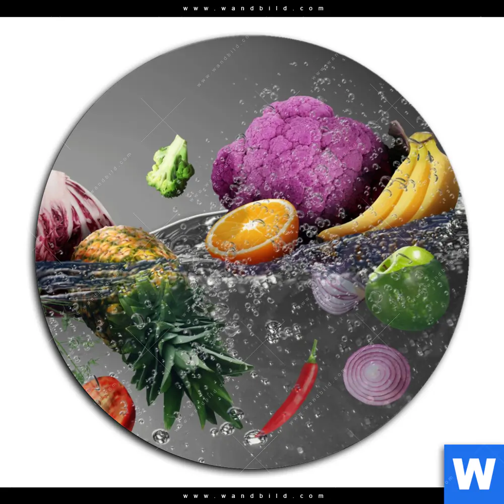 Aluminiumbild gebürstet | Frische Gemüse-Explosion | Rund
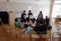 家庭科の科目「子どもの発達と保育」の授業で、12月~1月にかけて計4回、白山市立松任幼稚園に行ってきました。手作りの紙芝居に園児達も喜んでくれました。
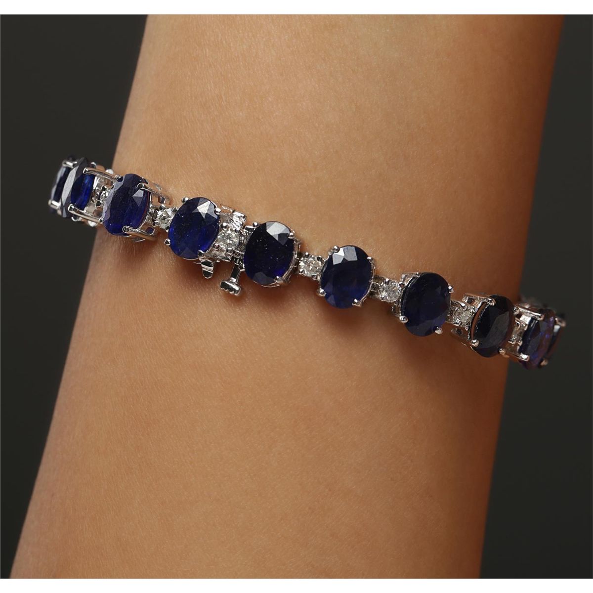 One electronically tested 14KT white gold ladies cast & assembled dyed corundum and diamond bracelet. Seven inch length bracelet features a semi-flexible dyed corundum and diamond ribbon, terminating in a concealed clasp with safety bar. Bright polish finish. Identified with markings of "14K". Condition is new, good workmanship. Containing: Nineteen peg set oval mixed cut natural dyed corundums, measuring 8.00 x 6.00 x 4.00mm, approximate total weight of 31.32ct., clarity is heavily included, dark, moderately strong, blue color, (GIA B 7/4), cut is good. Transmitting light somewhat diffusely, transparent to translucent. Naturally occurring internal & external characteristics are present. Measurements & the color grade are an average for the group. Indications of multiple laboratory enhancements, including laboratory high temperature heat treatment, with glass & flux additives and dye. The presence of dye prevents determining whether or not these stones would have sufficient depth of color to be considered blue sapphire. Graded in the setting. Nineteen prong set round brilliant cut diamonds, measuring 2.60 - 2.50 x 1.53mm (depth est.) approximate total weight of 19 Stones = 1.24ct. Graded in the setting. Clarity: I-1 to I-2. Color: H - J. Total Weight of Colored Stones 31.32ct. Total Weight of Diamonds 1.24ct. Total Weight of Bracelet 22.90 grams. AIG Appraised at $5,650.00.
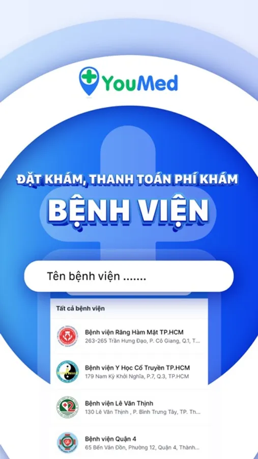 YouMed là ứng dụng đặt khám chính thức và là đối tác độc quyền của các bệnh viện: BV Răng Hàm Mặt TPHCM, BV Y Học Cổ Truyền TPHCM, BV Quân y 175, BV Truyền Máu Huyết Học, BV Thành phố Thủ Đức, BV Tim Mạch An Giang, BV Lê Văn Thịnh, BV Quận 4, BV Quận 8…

**Task directions**
Up to and including the line with "家庭科の科目「子どもの発達と", copy the data above from its first line. Skip pictures.

**Answer space**
 Aluminiumbild gebürstet | Frische Gemüse-Explosion | Rund
 家庭科の科目「子どもの発達と保育」の授業で、12月~1月にかけて計4回、白山市立松任幼稚園に行ってきました。手作りの紙芝居に園児達も喜んでくれました。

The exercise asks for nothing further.